Thoracic radiographs showed severe defused pulmonary infiltrates, alveolar pattern with extensive air bronchogram. Pulmonary infiltrates most likely due to secondary insult such as ARDS, transfusion - associated circulatory overload or transfusion – related acute lung injury rather than continuing hemorrhage. Recheck thoracic ultrasound showed that the pleural effusion was resolving.
Cardiovascular and coagulation parameters improved almost to normal over the course of treatment. Sophie continued to have nausea, hematemesis, melena and hematochezia, possibly due to ingesting of large quantity of blood and/or reperfusion injury.
Outcome:
Even though Sophie’s coagulopathy and subsequent hemorrhage appeared to be resolving, she was not able to overcome the respiratory insult and pulmonary infiltrates worsened. Sophie was euthanized due to her worsening condition and grave prognosis.

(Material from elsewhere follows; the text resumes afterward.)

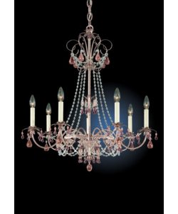 Seven Light Chandelier from the Adagio CollectionThis crystal chandelier is very vintage, and very European, with amber and amethyst colored crystal fruit. The harmonious shape of Adagio evokes past centuries when gracefully-bejeweled women were great patrons of art and music. Leaf ornaments are Florentine-inspired. The shades, which are optional, intensify the femininity of the design.Seven light up lighting chandelierAvailable in a variety of finishes and crystal optionsRequires7 60w Candelabra base bulbs (not included)Supplied with 40" of chain and 152" of wire

On necropsy, the body as a whole showed hemorrhagic diathesis which was demonstrated in all major organs. Symptoms, laboratory values, response to treatment and necropsy results consistent with warfarin exposure. It is still unclear where and how Sophie came in contact with the substance. Warfarin is an antagonist of vitamin K, a necessary element in the syntheses of clotting factors II, VII, IX and X, as well as naturally occurring endogenous anticoagulant proteins. Lack of clotting factors leads to coagulopathy, and resulting hemorrhage.